As an alternative method of discrimination and identification, a multilayer perceptron neural networks were trained. Artificial neural networks are mathematical models constructed by simulating the functioning of biological neural networks (the nervous system). They present a set of processing units called neurons, cells or nodes (formed by several mathematical equations), interconnected by connections that include a weight that modifies the values that pass through them between neurons [44]. Artificial neural networks ( ANNs ) have been advocated in many disciplines for addressing complex pattern- recognition problems. The advantages of ANNs over traditional, linear approaches include their ability to model nonlinear associations with a variety of data types ( e.g., continuous, discrete) and to accommodate interactions among predictor variables without any a priori specification (Bishop 1995). Neural networks are considered universal approximators of continuous functions, and as such, they exhibit flexibility for modeling nonlinear relationships between variables. For example, ANNs exhibit substantially greater predictive power than traditional, linear approaches when modeling nonlinear data (based on empirical and simulated data; Olden & Jackson2002b).
The variables used to make the network were the scores of the principal components that contributed most to the total variance, obtained from the Fourier coefficients from 25 harmonics. For the basic topology, the automated search procedure of Statistica version 8.0 software was used, with an input layer of 30 neurons, corresponding to each shape variable, and the output layer with three neurons, one for each haplogroup to identify.
In the exploratory step, the most efficient network was evaluated by testing with hidden layers of between 10 and 40 neurons.

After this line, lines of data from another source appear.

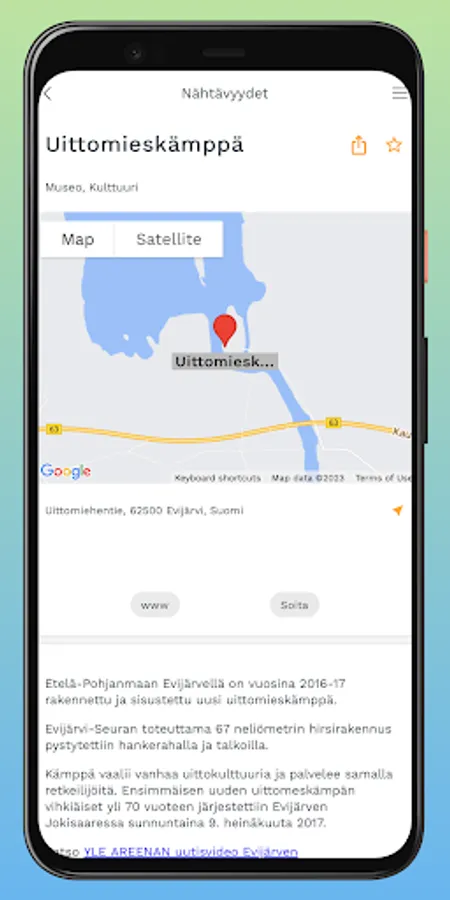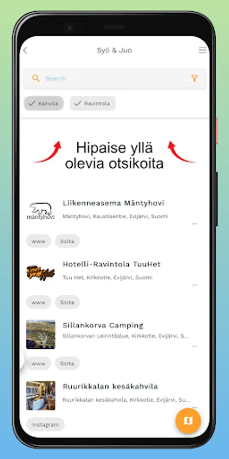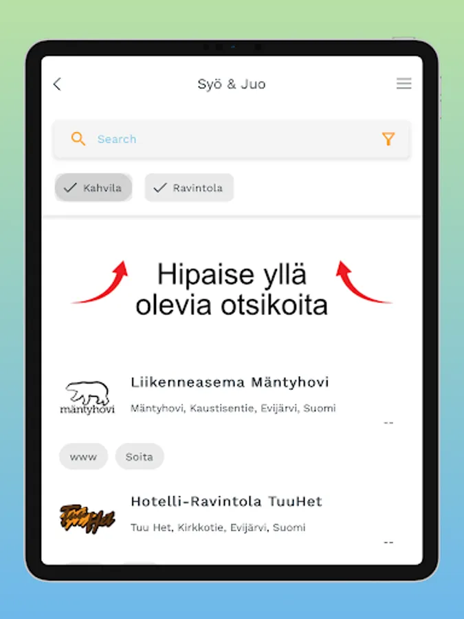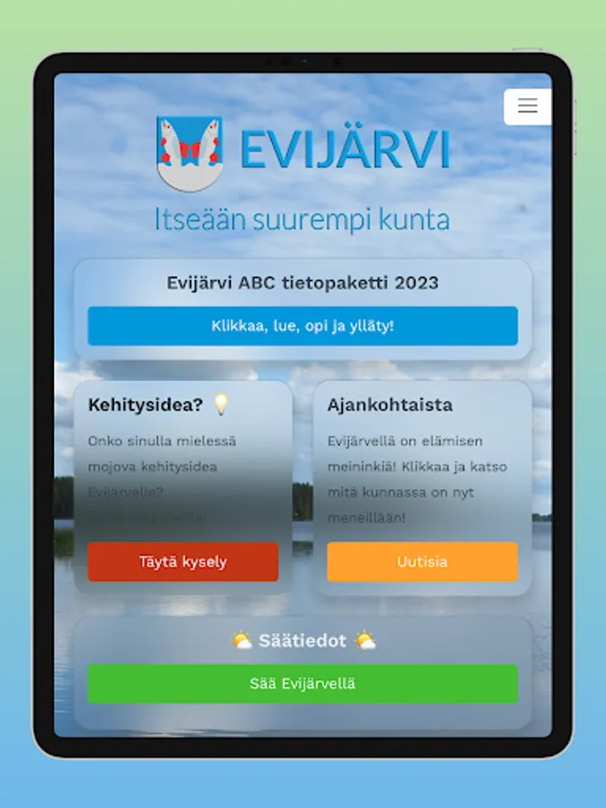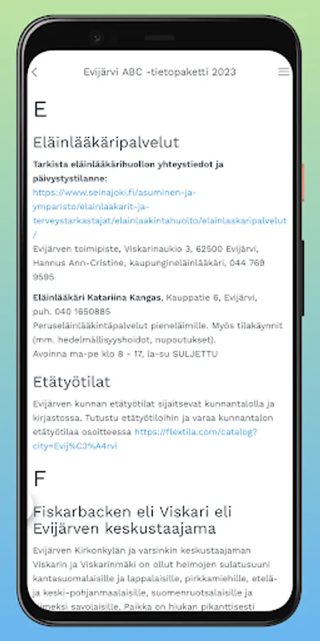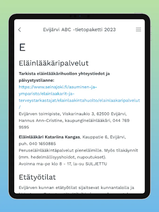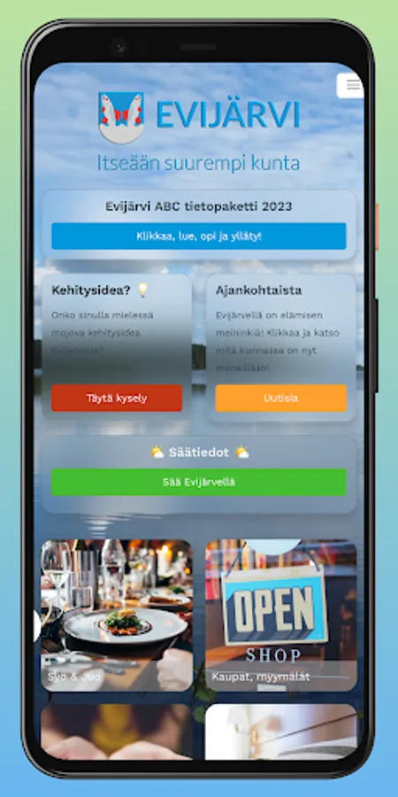 This free Evijärvi application brings up-to-date information about the municipality's events, services and news to your phone in an easy-to-use way that effectively utilizes the device's features! With the help of the application, you can see the locations and distances of the services on the map, and with a couple of taps you can start a call, email or navigate to your desired destination. By accepting PUSH messages, you can also receive bulletins, messages and useful news!
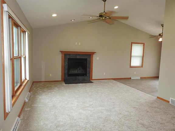 Wonderful ranch home located in a great neighborhood! 3.5 car attached garage has in-floor heat. Stay cozy in front of your gas fireplace in the living room while enjoying the openness of the vaulted ceilings. Nice, functional kitchen is open to the dining area with patio doors to a nice deck. All 3 bedrooms have great closet space. First floor laundry includes a utility sink. The large basement has high ceilings and poured walls and is waiting to be finished off. Updates include carpeting, shingles, water heaters (house & radiant heat in garage) & paint. Kitchen appliances included.
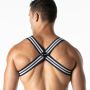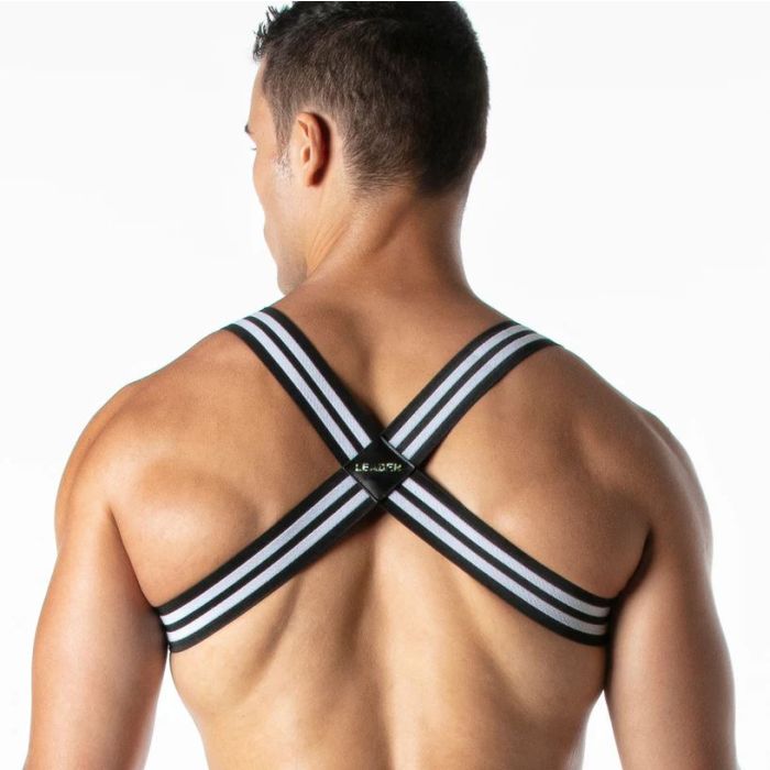 Deze hoogwaardige jacquard elastische fetish harnas heeft een breedte van 4 cm. Het is gedetailleerd met contrasterende strepen en het LEADER-logo op de borst in een contrasterende kleur, evenals een leren LEADER-label op het kruisgedeelte aan de achterkant voor een krachtige fetish uitstraling. Het harnas is gemaakt van duurzaam materiaal en biedt een comfortabele pasvorm. De elastische band zorgt ervoor dat het harnas goed op zijn plaats blijft zitten tijdens het dragen. Met zijn opvallende design en gedurfde details is dit harnas perfect voor liefhebbers van fetisjmode. Het is geschikt voor zowel mannen als vrouwen en kan worden gedragen tijdens intieme momenten of als een opvallend accessoire bij speciale gelegenheden. Of je nu een fetisjfeest bijwoont of gewoon je eigen stijl wilt uitdrukken, dit harnas zal zeker de aandacht trekken. Het is een uniek stuk dat je outfit een extra vleugje allure geeft. Met de LEADER-logo's en het leren label straalt dit harnas kwaliteit en vakmanschap uit. Het is een must-have voor iedereen die op zoek is naar een stijlvolle en gedurfde toevoeging aan hun fetisjcollectie.

Two error functions (sum of squares and cross-entropy) and four activation functions (identity, logistics, tangent and exponential) were used. The learning rate was 0.1, the inertia 0.66, and the stoping rule was set when the training error was below 0.001. Network learning was represented using the behavior of the maximum, average and minimum errors. Sixty percent of the data were randomly selected for network training and the remaining 40% was used for validation. Of the 30 networks, the one with the lowest classification error of the validation data was selected as best. The classification power for the species was analyzed using the confusion matrix and the calculation of the percentages of omission and commission errors.